The HealthRX medical team interprets the CJC-1295 evidence as follows.

CJC-1295 DAC produces measurable, sustained GH and IGF-1 elevation in healthy adults. That is established by one small, industry-funded RCT. Whether this elevation produces clinically meaningful benefits in the population seeking peptide therapy (adults with age-related GH decline, body composition goals, or recovery purposes) is unknown. Whether long-term use poses meaningful risk beyond transient water retention and injection-site reactions is also unknown.

Prescribers operating under 503A compounding should document the rationale for use, confirm IGF-1 and fasting glucose at baseline, and re-check IGF-1 at 8-12 weeks to verify a response and avoid supraphysiologic levels. The Endocrine Society's position on GH secretagogues states that use outside of approved GH deficiency indications "should occur only in the context of clinical research or well-monitored individualized care with full informed consent regarding the limited evidence base" [8].

IGF-1 targets should remain within age- and sex-adjusted reference ranges. An IGF-1 above the 97.5th percentile for age should prompt dose reduction or discontinuation regardless of patient-reported outcomes.

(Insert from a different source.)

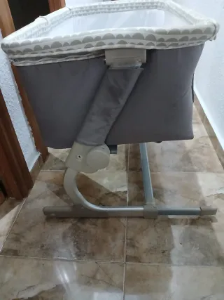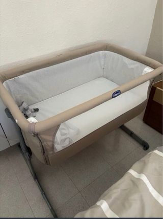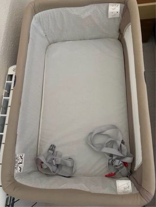 Preciosa minicuna Chicco Next2Me en color gris. Está en muy buen estado y es perfecta para que el bebé duerma cerca de los padres. - Se pliega fácilmente para facilitar su transporte y almacenamiento. - Incluye un lateral de malla para una buena ventilación. - Estructura de metal resistente y estable. Solo tiene una sombra en la parte interna de la cuna debido a que el bebe se apoyaba ahi siempre.

Dosing Protocols Referenced in the Literature

The Teichman 2006 trial used weight-based dosing (30-120 mcg/kg SC) for research purposes [1]. Compounding protocols in clinical practice have standardized on fixed doses for practical reasons.

CJC-1295 With DAC

The most commonly compounded dose is 1-2 mg SC once weekly or every two weeks. This approximates the 60-90 mcg/kg range used in Teichman 2006 for a 70-80 kg adult. Some protocols extend to biweekly dosing given the prolonged IGF-1 elevation observed at 8+ days in the trial. Cycling (e.g., 12 weeks on, 4 weeks off) is commonly recommended in prescribing guidelines, though no trial data support a specific cycle length.

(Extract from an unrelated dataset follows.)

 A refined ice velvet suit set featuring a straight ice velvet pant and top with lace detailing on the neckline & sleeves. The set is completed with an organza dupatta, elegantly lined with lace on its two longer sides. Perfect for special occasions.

CJC-1295 Without DAC (Modified GRF 1-29)

Without the albumin-binding modification, the half-life drops to roughly 30 minutes. This formulation is typically dosed at 100-200 mcg SC daily, often combined with a ghrelin mimetic such as ipamorelin (100-200 mcg SC) to produce a synergistic GH pulse [9]. No RCT has studied the combination in humans.

Monitoring Parameters

• Baseline: IGF-1 (age/sex-adjusted), fasting glucose, HbA1c, CBC, CMP
• 8-12 weeks: IGF-1 repeat, fasting glucose
• Ongoing: IGF-1 every 6 months; annual fasting glucose if baseline was normal
• Discontinue if IGF-1 exceeds 97.5th percentile for age or fasting glucose rises >100 mg/dL from a normal baseline

Ongoing Research and Evidence Gaps

As of January 2025, no new human RCTs of CJC-1295 have been registered on ClinicalTrials.gov since the Teichman 2006 publication [10]. This near-20-year absence of follow-up trials is unusual for a compound with this degree of clinical prescribing activity. The research gap is likely explained by the compound's status as an unpatentable, off-patent peptide: no commercial sponsor has a financial incentive to fund Phase 3 trials.

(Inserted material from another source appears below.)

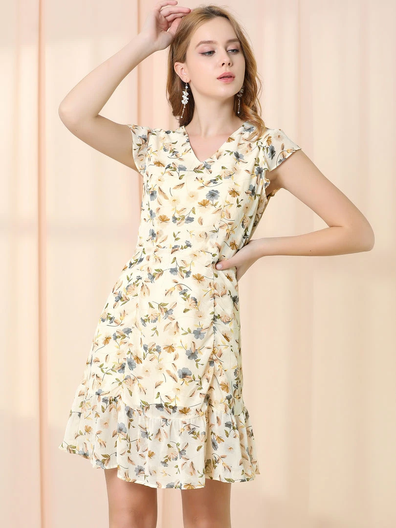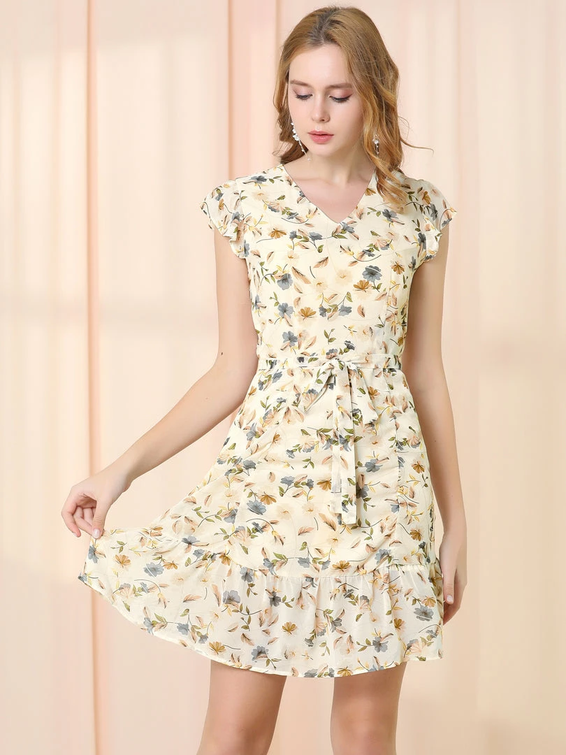 Allegra K Women’s Casual Short Sleeve Cute Tie V Neck A-Line Floral Dress

Animal studies have examined CJC-1295 effects on muscle hypertrophy in rodent models, with one 2010 study showing increased tibialis anterior mass after 4 weeks of dosing, but rodent GH physiology differs substantially from human pulsatile GH secretion patterns [11].

The endocrinology research community would benefit substantially from an investigator-initiated trial examining CJC-1295 versus placebo in adults aged 40-65 with confirmed low-normal IGF-1 (<100 ng/mL), using DEXA body composition, insulin sensitivity (HOMA-IR), and quality-of-life measures as co-primary endpoints. Such a trial would take the evidence base from Very Low to at least Moderate under GRADE, assuming adequate sample size and independent funding.